Error Handling: Research Agent Robustness
Error handling separates a prototype research agent from a production system. In the wild, networks fail, APIs rate-limit, websites serve corrupted HTML, and LLMs occasionally return unparseable JSON. A robust agent gracefully degrades rather than crashing: it retries with backoff, skips failed sources, falls back to cached data, and completes the best report it can with available information. This article teaches you to build resilience into every layer of the research pipeline.
The goal is not to prevent all errors—that's impossible—but to detect errors early, communicate their severity clearly, and continue executing without compromising the final report. A well-engineered agent can lose 20–30% of its sources to failures and still produce a credible, citable report.
Implementing Exponential Backoff for Transient Failures
Network and API errors are often transient (temporary). Exponential backoff increases the wait time between retries, giving services time to recover while avoiding thundering herd effects:
import time
import random
from typing import Callable, TypeVar, Any
T = TypeVar('T')
def retry_with_backoff(
func: Callable[..., T],
*args,
max_retries: int = 3,
base_delay: float = 1.0,
max_delay: float = 60.0,
jitter: bool = True,
**kwargs
) -> tuple[T | None, bool]:
"""
Retry a function with exponential backoff.

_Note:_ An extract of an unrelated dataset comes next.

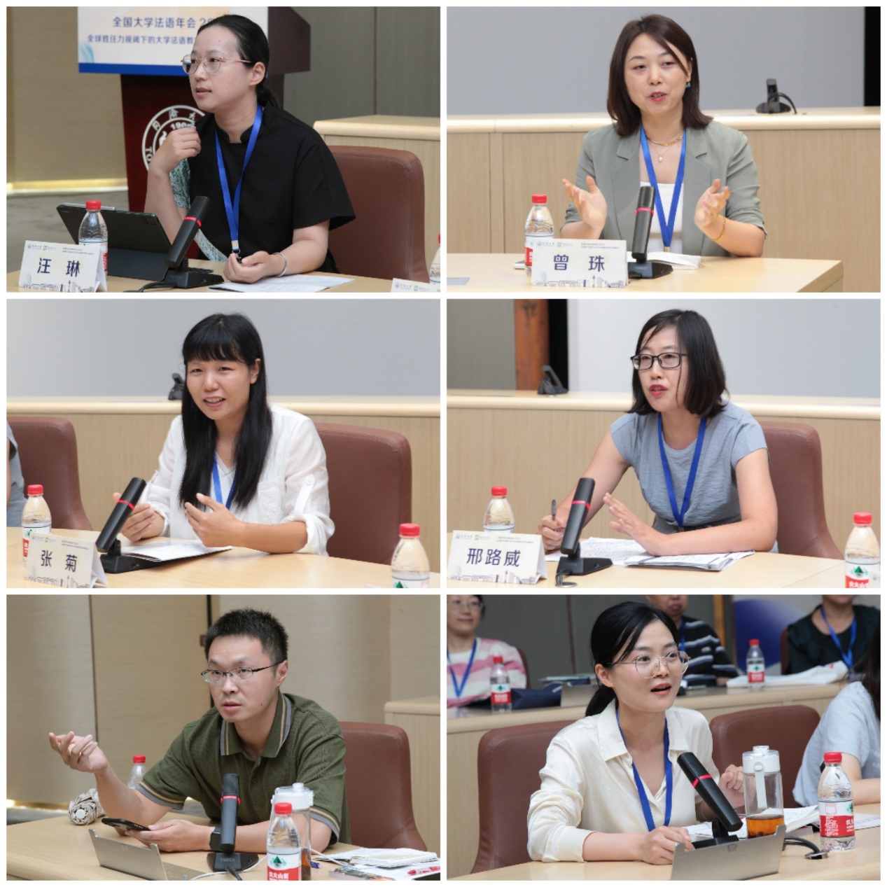 随后,大会各分论坛深入探讨了大学法语教学的前沿议题。其中,“全球胜任力培养与大学法语教学”分论坛强调,通过跨文化交流项目与实践课程,提升学生全球视野与语言能力;“新文科与大学法语教学体系创新”聚焦学科交叉融合,推动法语教学向综合性、创新性发展;“数智化与大学法语一流课程建设”分论坛展示了AI、大数据等技术在法语教学中的应用,助力构建智慧课堂;“新需求与大学法语的测试与评估”分论坛则针对国家战略需求变化,探讨了更加科学、全面的法语能力评价体系,为人才培养提供有力支撑。参会老师们分享交流了各自的教学经验和创新思路,现场反响热烈。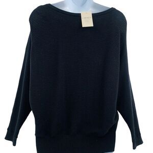 Carmen Marco Valvo Ribbed Dolman Sleeve Silver Hardware Pullover Sweater

Returns: (result, success)
"""
for attempt in range(max_retries):
try:
return func(*args, **kwargs), True
except Exception as e:
if attempt == max_retries - 1:
# Last attempt; return error
print(f"Failed after {max_retries} attempts: {str(e)}")
return None, False
# Calculate backoff: 2^attempt * base_delay, capped at max_delay
delay = min(base_delay * (2 ** attempt), max_delay)
# Add jitter (±25%) to spread retries
if jitter:
delay *= (0.75 + 0.5 * random.random())
print(f"Attempt {attempt + 1} failed. Retrying in {delay:.1f}s...")
time.sleep(delay)
return None, False
# Example: retry a search
def search_api_call():
# Simulate an API that fails 50% of the time
if random.random() < 0.5:
raise ConnectionError("Network timeout")
return ["result1", "result2"]
results, success = retry_with_backoff(
search_api_call,
max_retries=3,
base_delay=1.0
)
if success:
print(f"Success: {results}")
else:
print("Failed after retries; moving on")
Validating and Sanitizing LLM Output
LLMs occasionally return malformed JSON or invalid data. Validate before using:
import json
from typing import Optional
def parse_json_response(
text: str,
expected_keys: list[str] = None,
fallback: dict = None
) -> Optional[dict]:
"""
Safely parse JSON from LLM response with validation.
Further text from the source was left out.